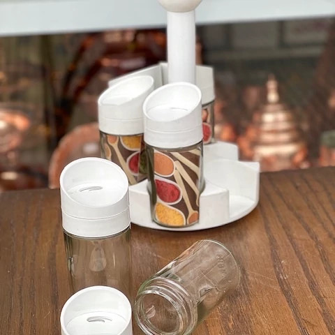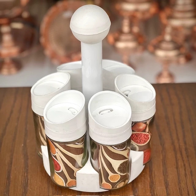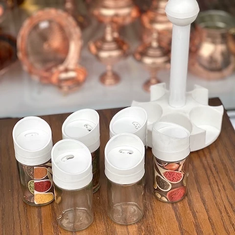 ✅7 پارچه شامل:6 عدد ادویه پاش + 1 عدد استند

...

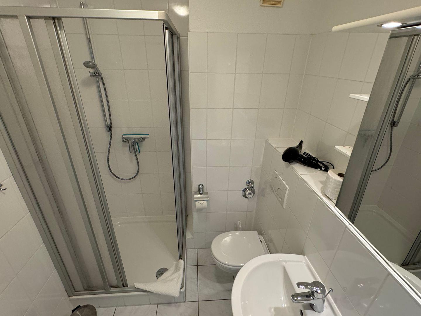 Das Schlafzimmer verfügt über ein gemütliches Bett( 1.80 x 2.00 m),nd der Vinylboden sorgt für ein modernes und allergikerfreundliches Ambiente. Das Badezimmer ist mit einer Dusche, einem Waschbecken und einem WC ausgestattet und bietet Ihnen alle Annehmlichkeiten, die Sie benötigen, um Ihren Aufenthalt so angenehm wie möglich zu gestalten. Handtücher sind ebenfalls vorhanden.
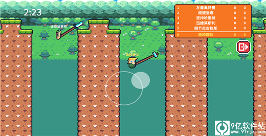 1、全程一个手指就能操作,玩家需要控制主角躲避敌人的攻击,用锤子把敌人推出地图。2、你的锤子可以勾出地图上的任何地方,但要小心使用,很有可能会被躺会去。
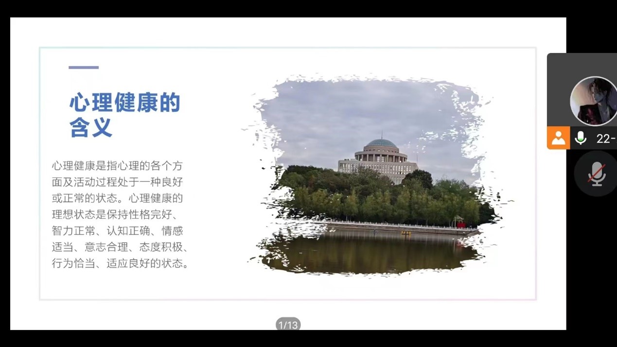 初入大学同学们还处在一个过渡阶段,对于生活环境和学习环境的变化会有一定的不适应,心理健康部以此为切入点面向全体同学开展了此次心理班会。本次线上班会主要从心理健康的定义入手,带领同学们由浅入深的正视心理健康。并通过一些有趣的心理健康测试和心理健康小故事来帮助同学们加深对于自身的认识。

...

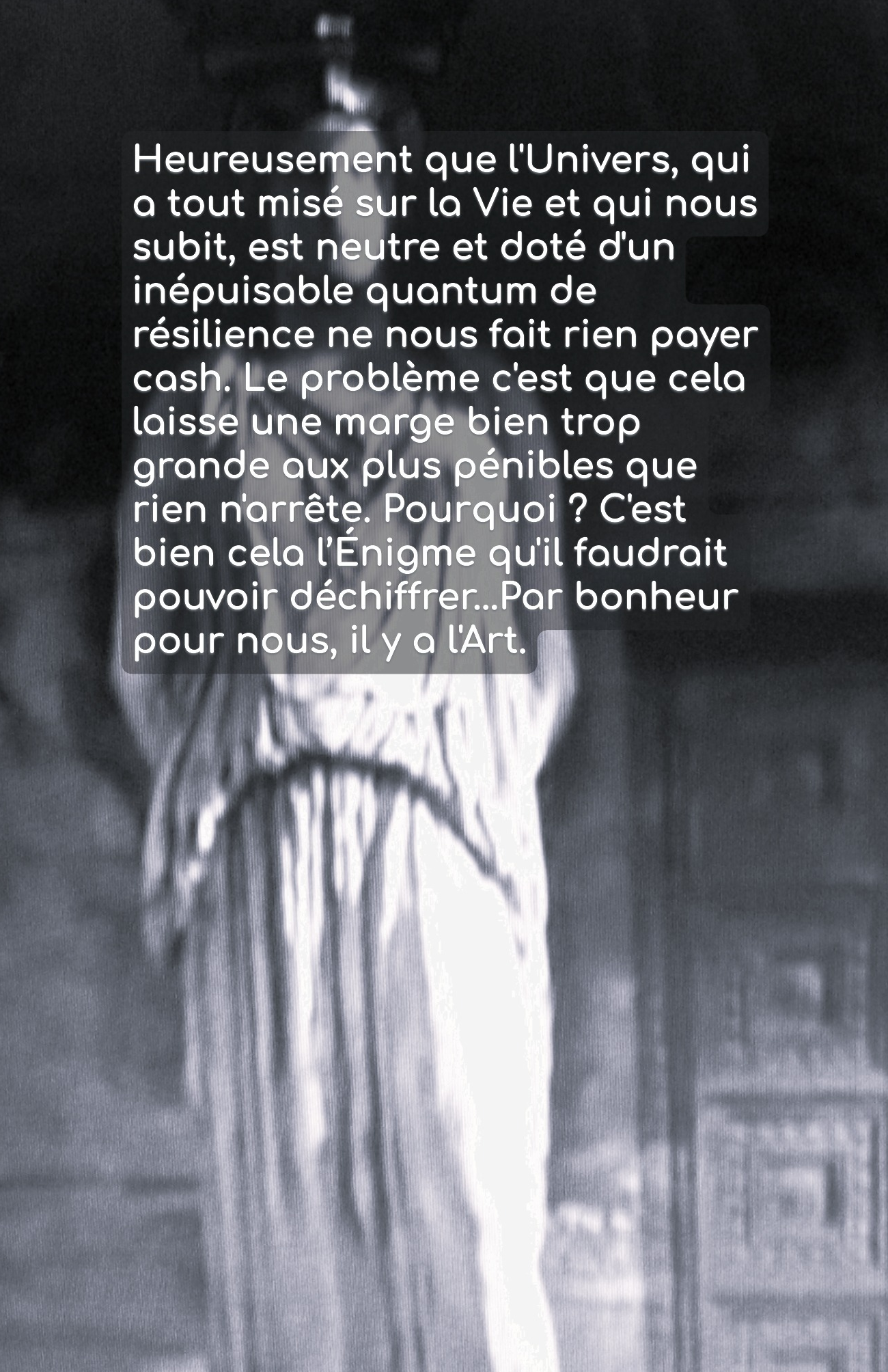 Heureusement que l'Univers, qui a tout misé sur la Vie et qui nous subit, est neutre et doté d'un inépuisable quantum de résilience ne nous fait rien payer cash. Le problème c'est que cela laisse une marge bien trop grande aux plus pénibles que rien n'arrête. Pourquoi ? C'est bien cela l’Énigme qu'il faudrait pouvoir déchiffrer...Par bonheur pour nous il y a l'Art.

• _Work order_
From the material above, reproduce only what runs from the line holding "1、全程一个手指就能操作,玩" down to the line holding "初入大学同学们还处在一个过渡", both included, pictures excluded.

• _Your solution_
 1、全程一个手指就能操作,玩家需要控制主角躲避敌人的攻击,用锤子把敌人推出地图。2、你的锤子可以勾出地图上的任何地方,但要小心使用,很有可能会被躺会去。
 初入大学同学们还处在一个过渡阶段,对于生活环境和学习环境的变化会有一定的不适应,心理健康部以此为切入点面向全体同学开展了此次心理班会。本次线上班会主要从心理健康的定义入手,带领同学们由浅入深的正视心理健康。并通过一些有趣的心理健康测试和心理健康小故事来帮助同学们加深对于自身的认识。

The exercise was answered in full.